Standard Chartered and OKX launched a collateral mirroring program in the EEA, allowing local institutional clients to keep their crypto directly in Standard Chartered’s custody, OKX announced on Wednesday.
The launch marks an expansion of a pilot initially launched in Dubai in April, aiming to enable institutions to keep their assets with a globally systemically important bank (G-SIB) while mirroring the balances into OKX for trading.
The program’s expansion in the EEA reinforces OKX’s commitment to Europe after the exchange secured a Maltese license under Europe’s Markets in Crypto-Assets (MiCA) framework in early 2025.

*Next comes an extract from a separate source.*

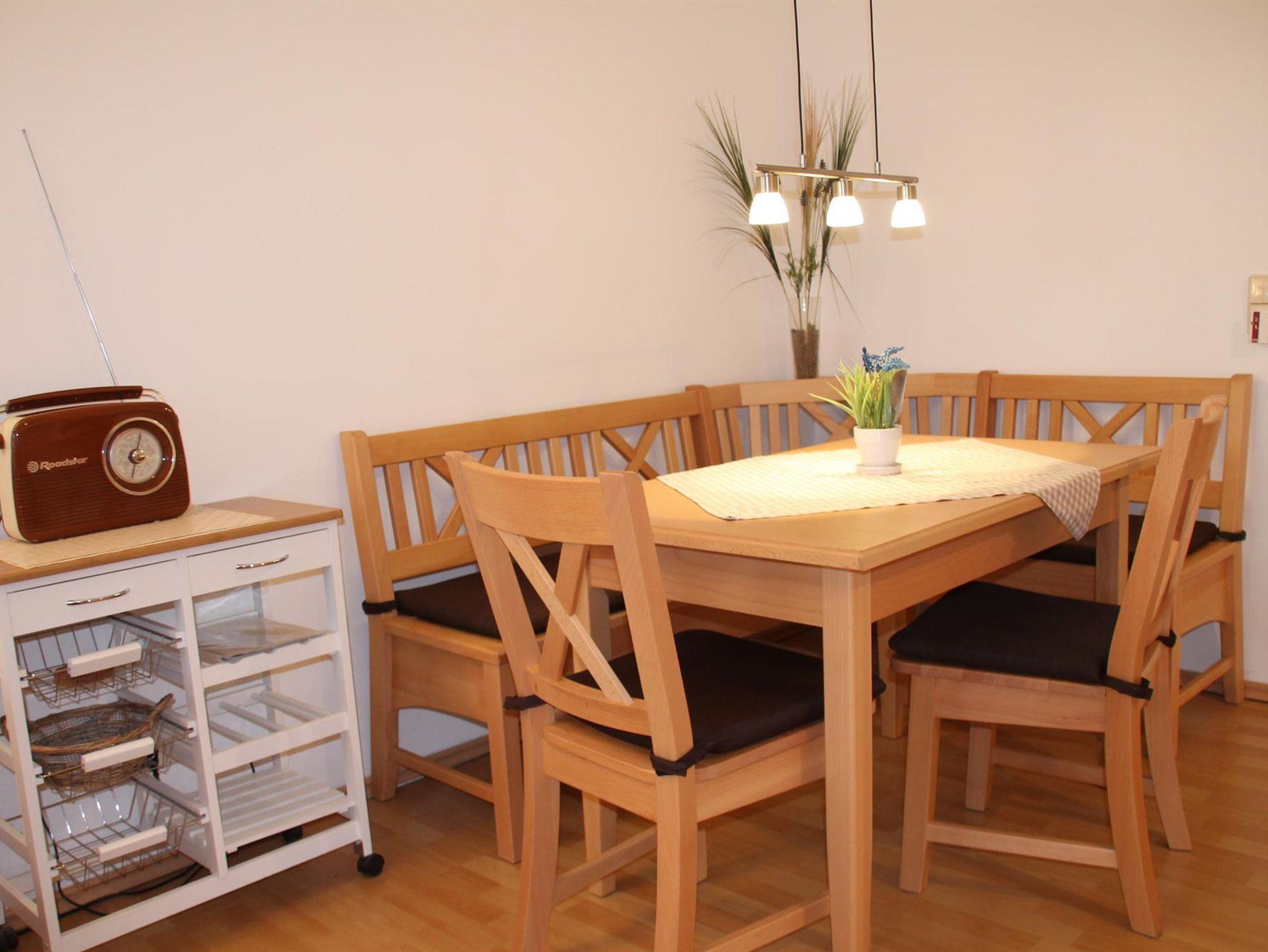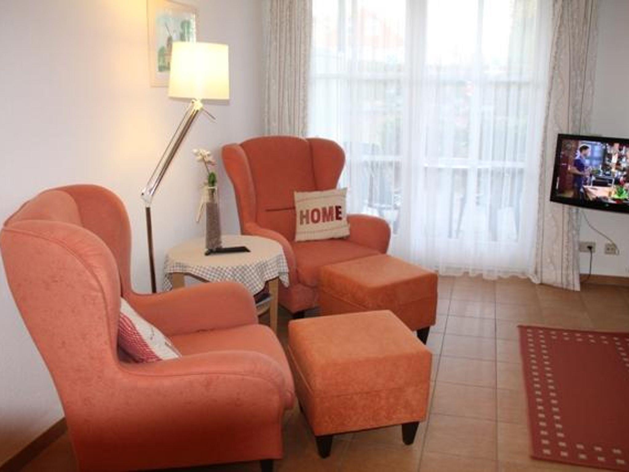Der Fernseher, 80 cm breit, ist schwenkbar an die Wand montiert und ermöglicht Ihnen, sowohl von den bequemen Sesseln mit Fußhockern, als auch von der Essecke oder dem Bett Ihre Lieblingssendung zu schauen. Ein Radio versorgt Sie mit Musik und Nachrichten. Internetzugang über WLAN.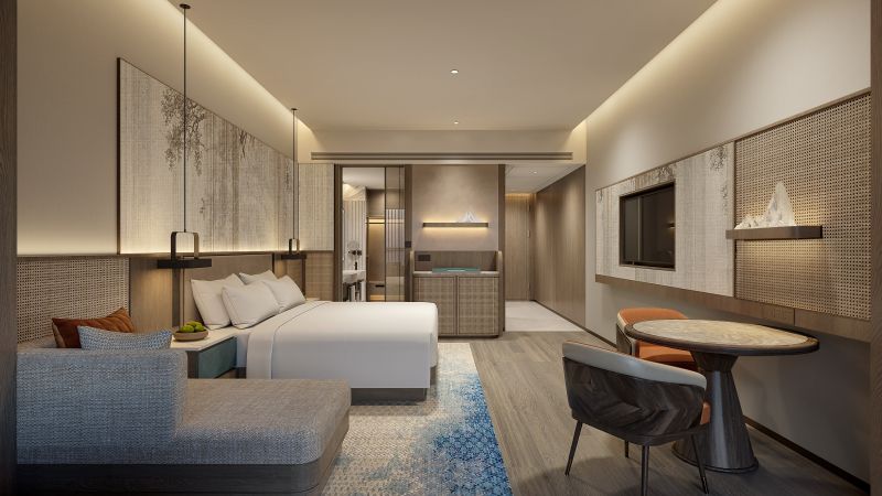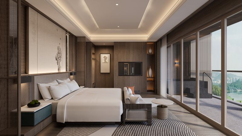 Hotel is a window of the city's external image, Radisson Hotel will also become the name card of Wuyi city. The interior design presents the traditional Chinese house and Jiangnan garden with contemporary techniques, hoping to create a quiet and leisurely mood for the guests through a more subtle and restrained way. Traditional Chinese elements such as "door", "window" and "screen" are interpreted through contemporary techniques throughout the design, so that guests can see different scenery at every step.

Before the deal with Standard Chartered, OKX’s institutional clients mostly kept their crypto on the exchange, with fiat transactions being handled through regular bank partners.
While OKX’s default custody option was its in-house solution, the exchange also allowed institutions to use third-party custodians, including Copper or Komainu, if they preferred to hold assets off-exchange.
With Standard Chartered’s integration, OKX’s institutional clients can keep their assets directly with a major regulated bank, while OKX can mirror those assets back into its trading system.
OKX’s collaboration with Standard Chartered is crucial for growing trust in the crypto ecosystem amid the market turmoil in October, with exchanges suffering $20 billion liquidations on Friday.
Binance, the world’s largest crypto exchange by trading volume, has faced a massive controversy since the crash, highlighting the vulnerabilities of its price oracles and blaming the platform for investor losses worth millions of dollars.
Related: Centralized exchanges face claims of massive liquidation undercounts
“Recent events have reignited the ‘Wild West’ narrative around crypto, but partnerships like ours with Standard Chartered show how far the industry has come,” OKX Europe CEO Erald Ghoos told Cointelegraph.
“We’re proud to be working with the first and only G-SIB directly integrated with a crypto exchange, proving that regulated, secure and transparent models are the future of digital assets,” he said.